You’ve got a hot lead. You know you should follow up. And suddenly your brain decides now would be a great time to clean out your glove compartment, alphabetize your inbox, or learn French.
Here’s the good news: it’s not laziness. Here’s the bad news: it is resistance.
In sales training, we spend a lot of time talking about skills, scripts, and strategy. But if you don’t learn how to fight resistance, none of that matters. Resistance is the silent killer of follow-up, confidence, and conversions. Boldness is the cure.
1. Recognize the Voice of Resistance Before It Wins
Resistance doesn’t yell at you. It whispers:
“Don’t call them. You’ll sound desperate.”
“If they were serious, they’d reach out.”
“You don’t want to be annoying.”
Sound familiar?
I first encountered this idea in Steven Pressfield’s The War of Art. He calls it Resistance, with a capital R. It’s the internal force that keeps you from doing meaningful work.
In sales, it shows up right before the follow-up call. Right before you ask for commitment. Right before you move the deal forward.
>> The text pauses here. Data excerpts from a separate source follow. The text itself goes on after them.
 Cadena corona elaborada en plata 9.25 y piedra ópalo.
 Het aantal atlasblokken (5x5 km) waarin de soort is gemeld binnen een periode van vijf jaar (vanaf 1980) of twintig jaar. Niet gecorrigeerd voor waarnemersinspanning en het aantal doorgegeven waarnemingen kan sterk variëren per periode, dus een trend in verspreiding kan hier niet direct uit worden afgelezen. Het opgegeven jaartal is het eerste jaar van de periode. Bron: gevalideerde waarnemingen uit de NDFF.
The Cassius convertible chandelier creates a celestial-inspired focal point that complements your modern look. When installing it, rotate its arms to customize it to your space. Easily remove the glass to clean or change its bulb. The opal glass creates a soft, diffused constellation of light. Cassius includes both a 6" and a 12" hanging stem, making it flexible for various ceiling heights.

If you’ve ever struggled with why you should be asking for commitment from your customer, this is exactly where resistance sneaks in.
And when resistance keeps winning, it slowly shifts your thinking. You may not have a loser’s mindset, but you might be developing a losing one. I break down that distinction in Do You Have a Loser’s Mindset or a Losing Mindset?
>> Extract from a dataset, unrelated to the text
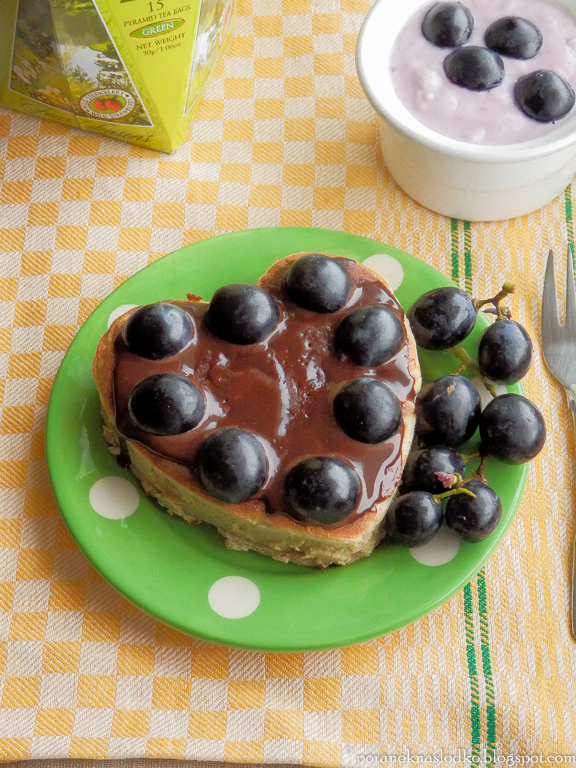 Drożdżowy placek amaretto podany z kremem nugatowym, ciemnymi winogronami i domowym serkiem borówkowym; hearbata Basilur Summer Tea
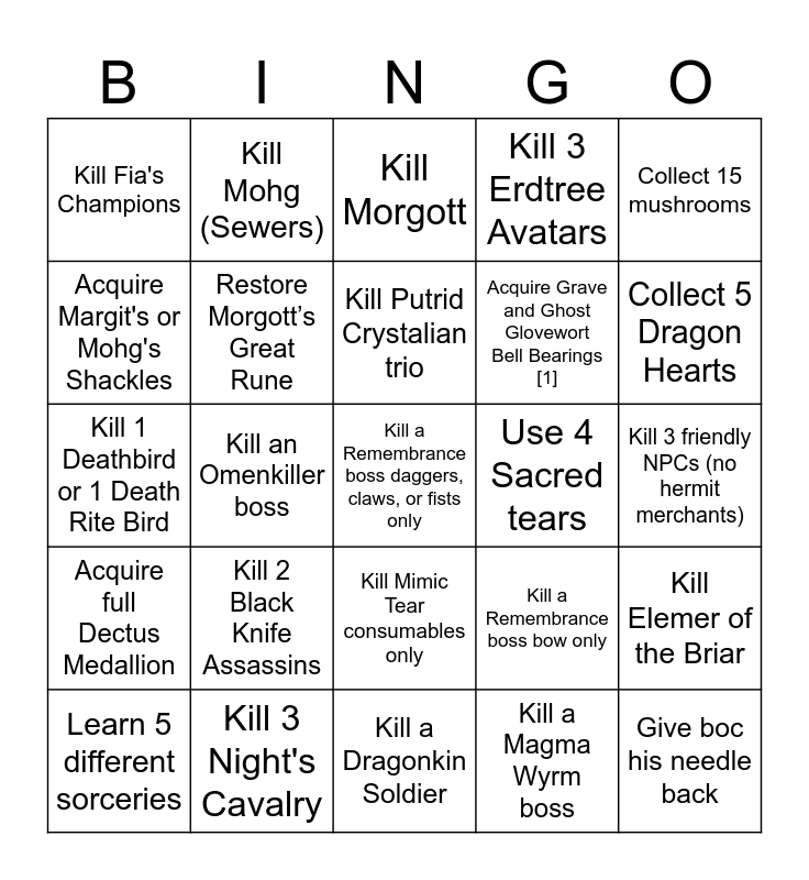 This bingo card has 99 words: Kill Godrick while summoning Nepheli Loux, Kill Rennala after she summons all 4 different spirits, Kill Radahn without summoning NPCs, Kill Morgott, Kill an Ancestor Spirit, Kill Mohg, Lord of Blood, Kill Margit with 4+ parries, Kill Leonine Misbegotten, Kill a Red Wolf Boss, Kill Godskin Noble (Volcano Manor) without status effects, Kill a Godskin Apostle, Kill Godfrey (Gold Spirit), Free!, Kill Mimic Tear consumables only, Kill Valiant Gargoyles, Kill Fia's Champions, Kill Mohg (Sewers), Kill Loretta (Blue Spirit), Kill Commander O'Neil, Kill Grafted Scion (Chapel of Anticipation), Kill Soldier of Godrick bare fist only, Kill Limgrave Tree Sentinel with a +0 weapon only, Kill Agheel with a +0 weapon only, Kill Tree Sentinel duo, Kill Crucible Knight & Misbegotten Warrior duo, Kill Elemer of the Briar, Kill Putrid Crystalian trio, Kill Wormface, Kill Royal Revenant (Kingsrealm Ruins), Kill Varre, Kill a Dragonkin Soldier, Kill a Magma Wyrm boss, Kill a Fallingstar Beast, Kill a 2 dragons, Kill an Omenkiller boss, Kill 1 Deathbird or 1 Death Rite Bird, Kill 2 Cemetery Shades, Kill 2 Watchdogs, Kill 2 Duelist bosses, Kill 2 Black Knife Assassins, Kill 3 Crucible Knights, Collect 5 Dragon Hearts, Kill 3 Erdtree Avatars, Kill 3 Night's Cavalry, Kill 2 Tibia Mariners, Kill 2 Bell Bearing Hunters, Kill 3 duo/trio bosses, Kill 5 bosses that ride a horse, Kill Patches, Complete evergaol hitless, Kill a Remembrance boss colossal armaments only, Kill a Remembrance boss daggers, claws, or fists only, Kill a Remembrance boss bow only, Kill a Remembrance boss jump attack only, Kill a Remembrance boss hitless, Kill a boss Spirit Ashes only, Kill a boss Consumables only, Kill a boss on Torrent the whole fight, Finish off a boss with the explosive physick, Kill 6 bosses in Limgrave, Kill 4 bosses in Liurnia, Kill 3 bosses in Caelid, Kill 6 bosses in Altus Plateau, Complete 2 catacombs, Win an envasion, Collect 15 mushrooms, Complete 1 Hero's Grave, Complete 3 evergaols, Acquire 3 different Remembrances, Acquire full Dectus Medallion, Acquire 2 Great runes, Acquire Grave and Ghost Glovewort Bell Bearings [1], Acquire Margit's or Mohg's Shackles, Restore Godrick’s Great Rune, Restore Radahn’s Great Rune, Restore Rykard’s Great Rune, Restore Morgott’s Great Rune, Somber +9 weapon, Somber Smithing stone +4 weapon, Spirit Ash +4 summon, Use 4 Sacred tears, Acquire 5 Physick Flask tears, Acquire 6 different Talismans, Take Rya's hand to Volcano Manor, Invade and defeat Magnus the Beast Claw, Dupe a Remembrance at a Mausoleum, Memory of Grace with 50k+ Runes, Kill 2 NPC invaders, Kill 3 friendly NPCs (no hermit merchants), Learn 5 different sorceries, Learn 5 different incantations, Reach lvl 40, Give boc his needle back, Kill 2 Tree spirits, Kill 2 Red wolves, Kill the Milicent invader in Caelid, Collect 3 unique Staves, Collect 2 Painting rewards and Kill Godrick while Nepheli Loux is alive.

Awareness is your first act of boldness. Once you can identify the voice, you can challenge it.
2. Boldness Isn’t Fearlessness, It’s Action Anyway
Let’s clear something up: boldness is not the absence of fear. Boldness is feeling the fear and acting anyway. You meet a great buyer on Sunday. Strong connection. Positive energy. They say, “We’ll be in touch.”
Now it’s Monday morning. You’ve got their number. You’re staring at it. And resistance shows up with its usual nonsense:
“They’re probably busy.”
“You should give it a day.”
“Who wants to sound like a telemarketer?”
What’s really happening is this: your brain is writing a story that protects your comfort zone. But growth lives inside discomfort. Boldness doesn’t mean polished. It means present, proactive, and on purpose.
3. Decide Your Behavior Before the Discomfort Shows Up
Here’s the professional move: decide what you will do before the discomfort hits. Pre-commit to action. Before you hesitate, write the script. Before resistance whispers, define your response.
When I start hesitating, I remind myself:
This is not about me. It’s about helping someone make a great decision.
Top performers don’t let emotion dictate behavior. They install disciplines. That’s exactly what I outline in my 10-5-3-1 performance improvement plan for sales coaching.
And if follow-up is your sticking point, my Follow-Up and Close the Sale training course was built to help you push through resistance and confidently move deals forward.
Discipline beats emotion. Every time.
4. Show Up With Belief, Because Buyers Can Feel It
I once worked with a salesperson who hated making calls. She told me it made her feel “salesy.” So we made a deal. Before every call, she had to say out loud: “I am not annoying. I am amazing.”
Yes, it felt silly. But her conversions went up. Why? Because she stopped showing up apologetically and started showing up with belief. And belief transfers.
That’s the foundation behind the assumptive close and why it works so effectively. Confidence isn’t arrogance. It’s clarity of purpose.
Your Challenge: Do the Thing You’ve Been Avoiding
Pick one thing resistance has been talking you out of:
- The follow-up call you haven’t made
- The closing question you didn’t ask
- The message you keep rewriting in your head
And do it. Even once. You will rarely regret action. You will often regret hesitation.
Boldness wins. Resistance is just noise. Be brave. Take the shot!